Thankfully, Kentucky seems to be starting to make that move, and it’s obvious in some of the bills passed in this year’s legislative session. One of them is House Bill 7, sponsored by Representative Adam Bowling, which establishes an advisory council to develop guidelines for communities to receive a “Recovery Ready” certification. The bill sets forth in a new section of KRS Chapter 222, a certification process that will focus on consistent guidelines for a community to develop treatment, recovery, and prevention programs which “can help lead to a highly skilled community workforce.” This wording – straight from the bill – clearly links what is good for people with substance use disorders and the economics of an adequate and trained workforce.
The Kentucky Chamber of Commerce is taking a leadership role in linking an informed, compassionate approach to treatment and recovery with good business. They launched the Kentucky Chamber Workforce Recovery Program in 2019 and have been instrumental in helping business leaders across the commonwealth understand why workforce development must include treatment and recovery resources for substance use disorders. The chamber is heralding the value of having high-quality and accessible programs for the bottom line of area businesses, and they have Kentucky statistics to back up their advocacy. Boyle County is no exception – we, too, have local employers whose stories of hiring people in recovery show that treatment and recovery are good for business, and ultimately, good for all of us.
April is “ Second Chance Month,” and the Kentucky Chamber of Commerce urges Kentuckians to learn about substance use disorders, and to combine compassion and understanding with good business decisions, by hiring people in recovery.

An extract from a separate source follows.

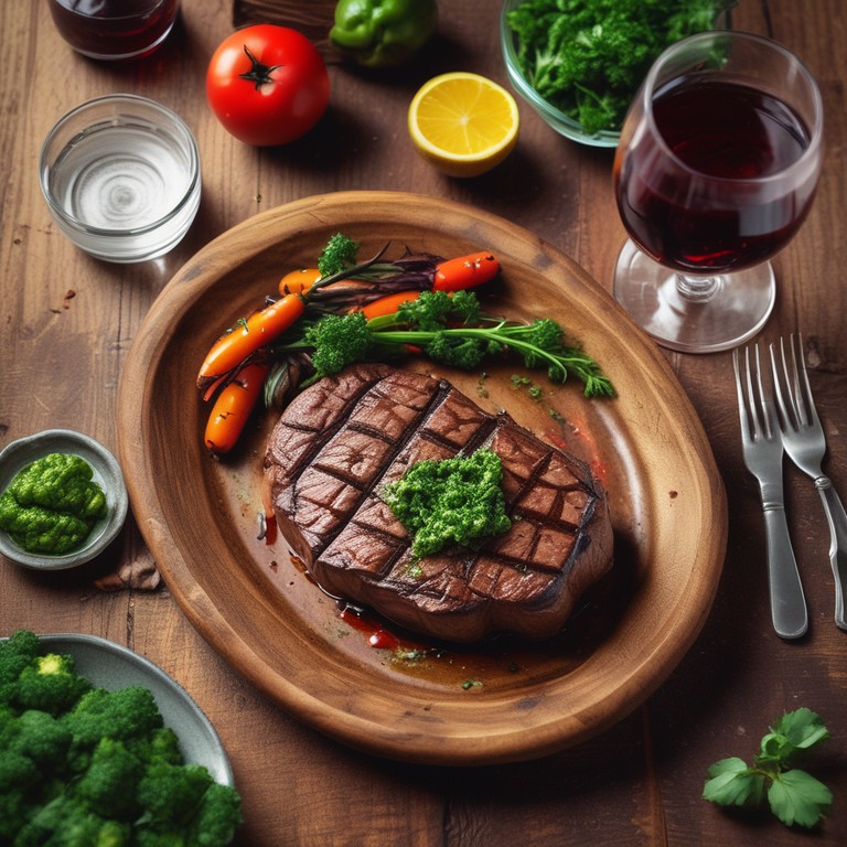 Um delicioso filé de alcatra grelhado, marinado com temperos aromáticos e servido com um vibrante molho chimichurri, perfeito para um jantar especial.

In central Kentucky, we have far too many unfilled local jobs to ignore this call. Our local chamber recognizes we have to make important changes, and provides a link on their website at www.danvilleboylechamber.com, to a statewide listing of employers who offer a fair chance in their hiring practices. Many local employers are responding, by reevaluating employment policies, to successfully hire employees in need of a second chance.
It’s encouraging to see that so many in Kentucky are “doing the math”, and realizing that treating addiction is not only the caring and right thing to do – it is good for business.